Helena Batista / 23999

sexta-feira, 29 de maio de 2015

Do Novo Regime do Regulamento Administrativo – Do autorizado a regular ao regulado….

Inicia o legislador, Assembleia da República (AR) na lei de autorização legislativa  n.º 42º/2014 de 11 de julho, que autoriza o Governo a aprovar o novo Código do Procedimento Administrativo (NCPA), precisando que, no artigo 2º   pode o Governo , in al. cc) Definir o regime substantivo do regulamento Administrativo; al.  dd) e al ee), em síntese, entre outras,  prever a definição de regulamento administrativo, a  habilitação legal para a sua emissão, proibição de eficácia retroactiva, ….., instituir que os regulamentos que sejam desconformes a Constituição, à Lei e aos Princípios Gerais do Direito administrativo  ou que infrinjam normas de direito internacional e  ou direito da União europeia são inválidosPrecisando na al. ff) que o regime de invalidade antes referido na alínea anterior  será    invocável a todo o tempo, salvo devidas excepções.
Foi como sabemos, o NCPA aprovado, tendo entrado no nosso ordenamento jurídico por via do Decreto-Lei n.º 4/2015 de 7 de janeiro. Atente-se a que sobre a matéria vertida, é referido no preambulo do diploma, nomeadamente na exposição dos motivos, concretamente no ponto n.º 13  - No Titulo II desta parte III contem-se a regulação especifica do procedimento dos regulamentos. E também nesta matéria se inova bastante. Realçando que a merecem especial referência os novos requisitos de publicitação do procedimento do regulamento (artigo 98º) e que é totalmente inovador o artigo 99 ao impor uma nota justificativa do projeto de regulamento.
Logo aqui somos convidados a pensar – Sendo de algum “ modo lato” a autorização relativamente a este ponto, o Governo, limita-se a destacar, por inovação  o facto de ter alterado o procedimento conducente à publicitação do mesmo e de se exigir uma nota justificativa sobre a sua emanação ?!!, Parece-nos um pouco “dir-se-ia pobre e de fraca ambição”.

Tecendo algumas notas, sobre o conteúdo da “revolução  inovadora”:
Comecemos por fazer referência à exigência plasmada no artigo 99º - da exigência de uma nota justificativa fundamentada, a anexar ao projeto de regulamento.   Já estamos a ver, o que na pratica tal exigência se vai traduzir, um simples paragrafo no texto, que revelará ao leitor do projeto o  trabalho de profícua análise de ponderação desenvolvido – sintetizando-se na seguinte frase  - Foram ponderados os custos e o proveitos, tendo-se determinado que os benefícios do presente projeto  superam em muito os custos  decorrentes do mesmo.

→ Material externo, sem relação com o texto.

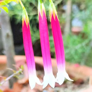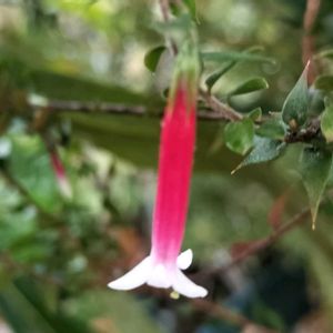 夢の島熱帯植物園にて。 オーストラリア南東部原産。 エパクリス科エパクリス属。 別名Fuchsia Heath(フューシア・ヒース、フクシア・ヒース) Native fuchsia(ネイティブ・ヒューシア) 葉は小さな三角形で、先端には鋭い棘が! 花の先端は白く星形に♪
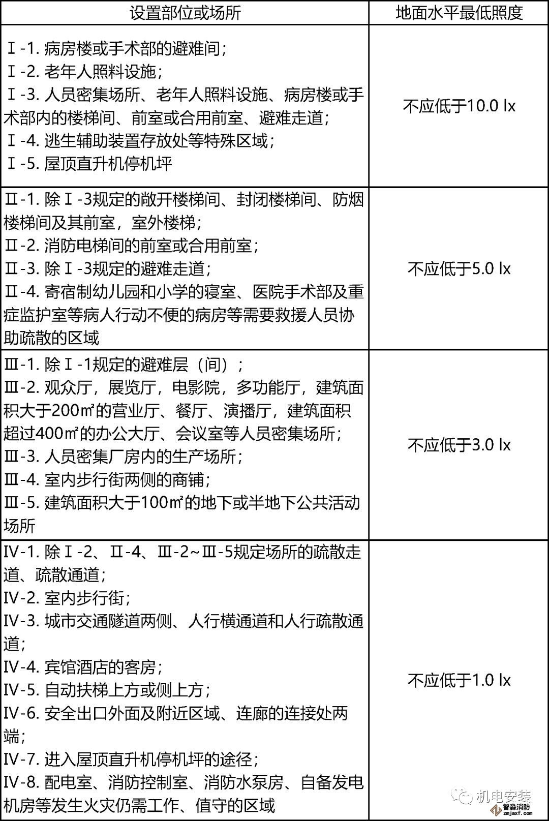 2)對于人員密集場所、避難層(間),不應(yīng)低于3.0lx;對于老年人照料設(shè)施、病房樓或手術(shù)部的避難間,不應(yīng)低于10.0lx。
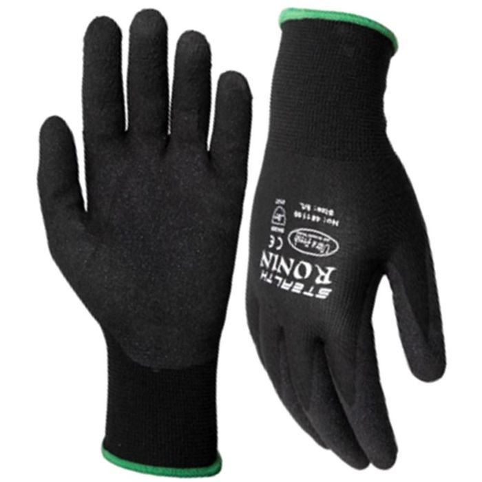 Ronin Black Nylon Glove, a seamless 15 gauge black nylon shell glove designed for optimal performance in various tasks. These gloves provide excellent grip and feature very high abrasion and tear resistance due to their superior material composition. The nitrile foam coating ensures exceptional grip, while the flexible and durable design makes them ideal for general-purpose use. A knitted cuff ensures a secure fit with optimal comfort and good tactile feel. Perfect for the automotive industry, packaging, general purposes, engineering, and maintenance tasks, these gloves are sold per pair or available in cartons of 120 pairs.
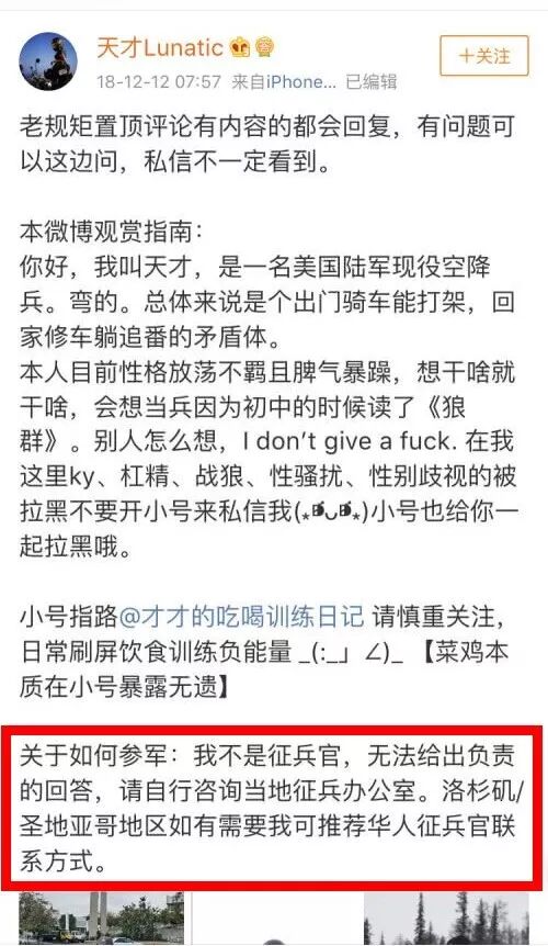 而在去年的微博上,她又不余遗力的推荐华人征兵官的联系方式。

No  artigo 100º n.º 1   refere-se ás paginas das tantas  -  Tratando-se de regulamento que contenha disposições que afetem de modo direto e imediato direitos ou interesses…
Parece-nos adequado a colocação da questão – Que se deve entender por direitos e interesses ?  e o quanto  Direto e Imediato   se deve consentir?  Sabendo que, na falta de uma concreta densificação de Direitos, estes englobam uma tão grande número invocável, que nos escudamos de enunciar, o mesmo sempre se dirá no que concerne ao sentido (alcance) de Interesses.
Mais, consegue aqui limitar a necessária imposição legal da Audiência dos Interessados /consulta publica, somente aqueles que se tenham constituídos como interessados no procedimento. E quanto aos outros, todos os demais interessados, fica-lhes vedado o direito de se pronunciarem? Ou Inexistindo interessados constituídos, a contrario sensu, inexiste a obrigatoriedade de Audiência dos interessados.  Podemos discordar, mas esta é a interpretação que resulta expressamente da letra da lei.
O que nos conduz, ao n.º 3 al. a) do citado artigo, mesmo havendo interessados constituídos, dispensa - se a audiência previa porque a emissão do regulamento é urgente.  Devendo neste caso o responsável, ter de fundamentar devidamente, a razão e natureza do carater de “urgência”; Compreende-se da urgência num acto administrativo, agora num regulamento ?
Avançando mais um pouco, chegamos ao n.º 3  al. d) – podemos dispensar a audiência, desde que os interessados já se tenham pronunciado no procedimento sobre questões que importem à decisão – Certo, mas se os interessados não se pronunciaram sobre o projeto de regulamento, mas sim, no decurso do procedimento, sobre questões, de per si importantes, mas paralelas ao vertido no projeto ?
No que se refere à consulta publica, resulta do n.º 1 do artigo 101º que , o projeto de regulamento deverá ser publicado na “ª serie do Diário da Republica ou na publicação oficial da entidade Pública (aqui entendido como sendo “em suporte papel”) e igualmente na Internet.
Sempre diremos que anteriormente publicávamos no Diário da Republica e Publicitávamos na Internet, hoje, parece-nos, que o legislador uniformizou os conceitos,  sendo que, estamos perante uma dupla publicação obrigatória, diga-se por acaso, no limite, ambas na internet, se bem que em sítios diferentes : O institucional  DR  e o do portal da entidade  da entidade pública,  dois meios que os comuns dos cidadãos muito consultam….
Ultrapassando a questão do conceito de regulamento administrativo – só o ser assim classificado, quando visem produzir efeitos externos (artigo 135º ), deparamo-nos depois com um pequeno, relapso, por parte do legislador ao exigir que, mesmo para os “não regulamentos administrativos” mormente  nas instruções, códigos de conduta, …carecem de lei habilitante;  Já se está a ver, quantos  e quantos “não regulamentos administrativos” porque se apelidam de recomendações /instruções,   como sejam os de “fardamento de forças policiais, segurança, de funcionamento de estabelecimentos prisionais” se encontram/venham a encontrar  feridos de ilegalidade.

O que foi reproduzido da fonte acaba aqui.